Economics Magazine

Legal Tender Laws 101

Posted on the 14 May 2013 by Lachmannian @TheLachmannian

I don’t know how I missed this post from March, but I did. Here is Joe Salerno talking how the IRS “violates” legal tender laws. 

 … the last time I checked, the Federal Reserve Notes in my wallet all still bore the notice, “This note is legal tender for all debts public and private” This means that they cannot be refused by the creditor for repayment of a debt previously incurred–especially not for payment of taxes, which are the pre-eminent “public debt.” While the IRS may not be strictly in violation of legal tender laws, because one can still use cash to pay at some IRS offices, its anti-cash policy is just another tactic in the Federal government’s relentless war to stamp out cash payments.

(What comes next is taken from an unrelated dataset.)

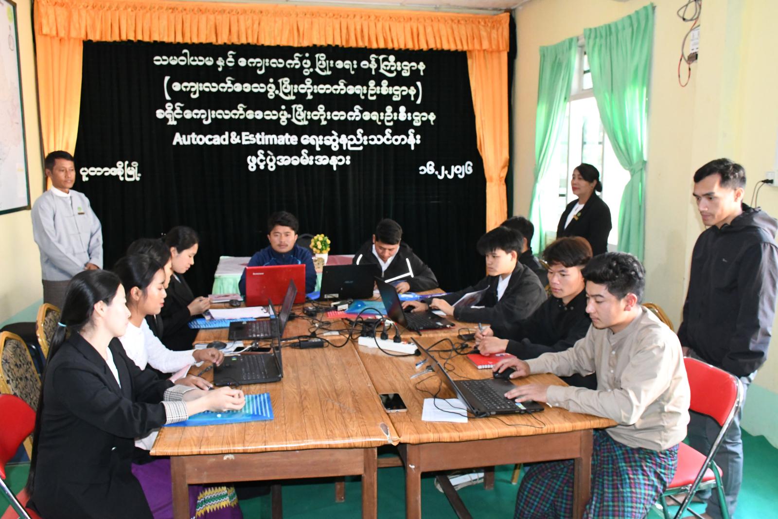 ကချင်ပြည်နယ်၊ ပူတာအိုခရိုင် ကျေးလက်ဒေသဖွံ့ဖြိုးတိုးတက်ရေးဦးစီးဌာနကကြီးမှူး၍ အခြေခံအဆောက်အဦလုပ်ငန်းများဖြစ်သော ရေပေးရေး၊ လမ်းတံတားများဒီဇိုင်းရေးဆွဲခြင်း၊ Estimate တွက်ချက်တတ်စေရန်နှင့် ဝန်ထမ်းဆောင်ရည်မြင့်မားလာစေရန်အတွက် Auto Cad နှင့် Estimate ရေးဆွဲနည်းသင်တန်းဖွင့်ပွဲအခမ်းအနားကို ယမန်နေ့နံနက်(၁၀)နာရီက ပူတာအိုခရိုင် ကျေးလက်ဒေသဖွံ့ဖြိုး တိုးတက်ရေးဦးစီးဌာန အစည်းအဝေးခန်းမ၌ ကျင်းပသည်။

Two points should be made here to clear up confusions of legal tender laws.

  1. The notice on the dollar bills of legal tender does not necessarily mean that the creditor cannot refuse repayment of a debt previously incurred. If this were true, then it would be illegal for private businesses in the United States to set up their own payment policies. The misunderstanding here is that Salerno thinks that because of legal tender laws, everyone MUST accept cash, but this is a big misunderstanding of what the law means. *
  2. Salerno also states: “While the IRS may not be strictly in violation of legal tender laws, because one can still use cash to pay at some IRS offices,” Salerno is again misunderstood. Again, think of a private business. Legal tender laws don’t prevent a business to accept payment purely in gold, for example. This is not a violation. Its not like we can go up to this business show them a dollar bill and the “This note is legal tender for all debts public and private” notice and demand that they accept cash instead of their policy of accepting gold for they are in violation of the law. Doesn’t this sound silly when applying this to private business, but Salerno is doing exactly this in criticizing the IRS payment methods.

Of course it should be stressed that this is just looking at the Federal law, and not the State law, which can add to the Federal Law. So there may be some states where payment in gold only is illegal, but that has to do with State not Federal law.

And even the Treasury Department’s website addresses this issue that Salerno brought up. In the FAQs, one of the questions is:

I thought that United States currency was legal tender for all debts. Some businesses or governmental agencies say that they will only accept checks, money orders or credit cards as payment, and others will only accept currency notes in denominations of $20 or smaller. Isn’t this illegal?

The answer in short:

This statute means that all United States money as identified above are a valid and legal offer of payment for debts when tendered to a creditor. There is, however, no Federal statute mandating that a private business, a person or an organization must accept currency or coins as for payment for goods and/or services. Private businesses are free to develop their own policies on whether or not to accept cash unless there is a State law which says otherwise.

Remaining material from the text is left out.